> [Information]:
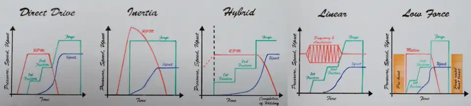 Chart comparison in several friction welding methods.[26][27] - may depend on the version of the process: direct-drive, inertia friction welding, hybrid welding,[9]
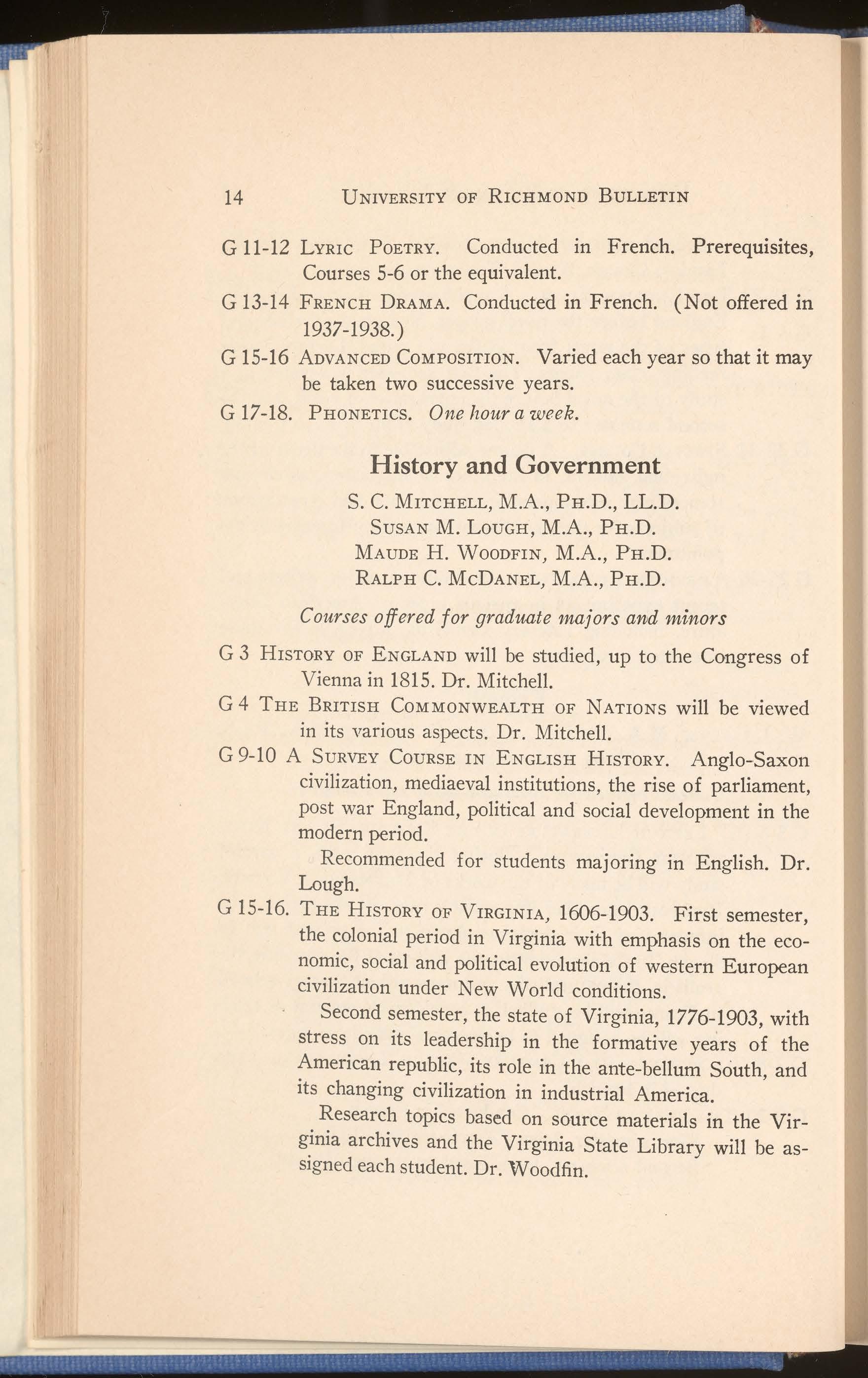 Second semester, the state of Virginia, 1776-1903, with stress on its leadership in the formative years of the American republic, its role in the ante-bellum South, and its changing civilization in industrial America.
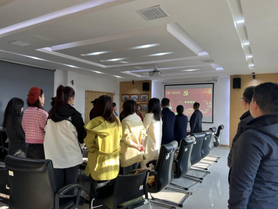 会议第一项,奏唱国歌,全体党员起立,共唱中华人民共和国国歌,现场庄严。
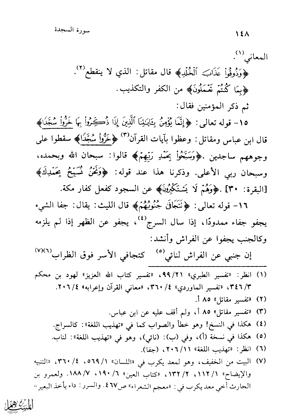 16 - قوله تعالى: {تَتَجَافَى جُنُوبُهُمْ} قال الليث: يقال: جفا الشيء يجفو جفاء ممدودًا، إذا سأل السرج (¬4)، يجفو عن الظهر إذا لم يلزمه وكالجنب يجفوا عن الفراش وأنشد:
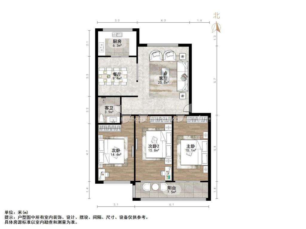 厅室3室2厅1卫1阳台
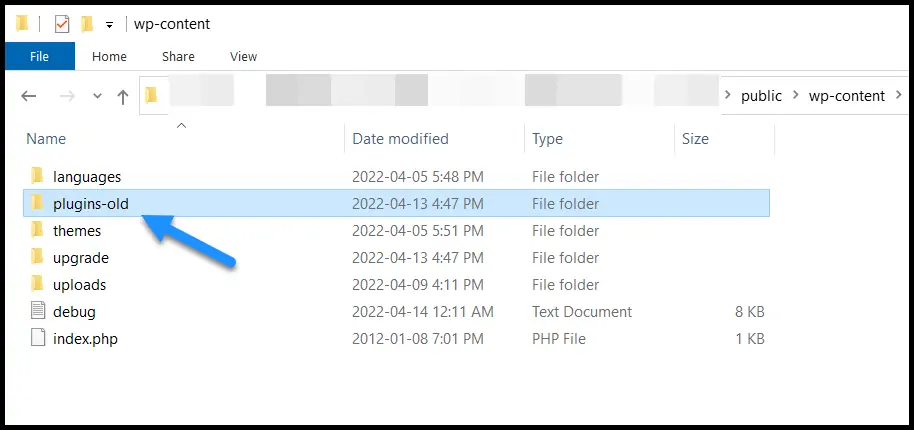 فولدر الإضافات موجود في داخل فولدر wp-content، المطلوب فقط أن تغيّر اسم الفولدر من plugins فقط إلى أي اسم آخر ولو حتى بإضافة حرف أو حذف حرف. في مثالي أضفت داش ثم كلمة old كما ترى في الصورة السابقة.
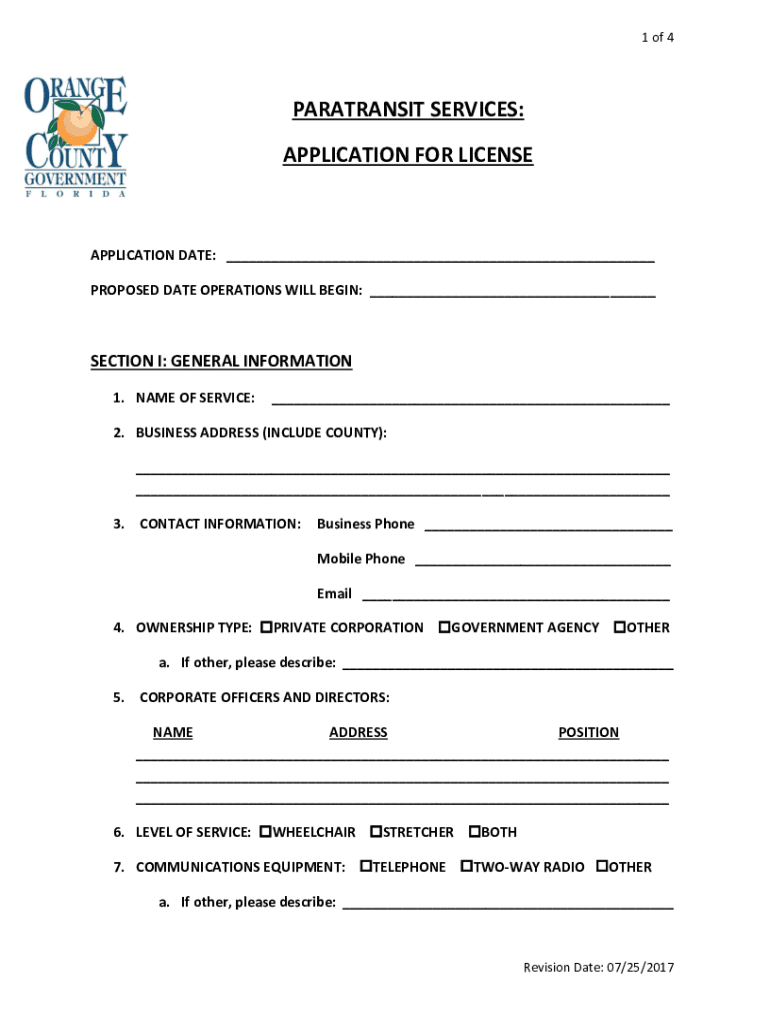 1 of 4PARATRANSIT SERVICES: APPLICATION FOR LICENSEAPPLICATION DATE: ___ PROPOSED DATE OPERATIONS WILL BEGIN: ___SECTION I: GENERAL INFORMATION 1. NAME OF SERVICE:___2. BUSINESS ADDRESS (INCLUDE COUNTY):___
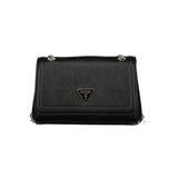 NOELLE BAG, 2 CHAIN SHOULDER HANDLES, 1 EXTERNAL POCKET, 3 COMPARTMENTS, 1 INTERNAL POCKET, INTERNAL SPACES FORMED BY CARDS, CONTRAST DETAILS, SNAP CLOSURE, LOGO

> [Task directions]: Only the lines from the one that contains "فولدر الإضافات موجود" to the end of the records, inclusive, are to be quoted exactly, with pictures excluded.

> [Problem solution]:
 فولدر الإضافات موجود في داخل فولدر wp-content، المطلوب فقط أن تغيّر اسم الفولدر من plugins فقط إلى أي اسم آخر ولو حتى بإضافة حرف أو حذف حرف. في مثالي أضفت داش ثم كلمة old كما ترى في الصورة السابقة.
 1 of 4PARATRANSIT SERVICES: APPLICATION FOR LICENSEAPPLICATION DATE: ___ PROPOSED DATE OPERATIONS WILL BEGIN: ___SECTION I: GENERAL INFORMATION 1. NAME OF SERVICE:___2. BUSINESS ADDRESS (INCLUDE COUNTY):___
 NOELLE BAG, 2 CHAIN SHOULDER HANDLES, 1 EXTERNAL POCKET, 3 COMPARTMENTS, 1 INTERNAL POCKET, INTERNAL SPACES FORMED BY CARDS, CONTRAST DETAILS, SNAP CLOSURE, LOGO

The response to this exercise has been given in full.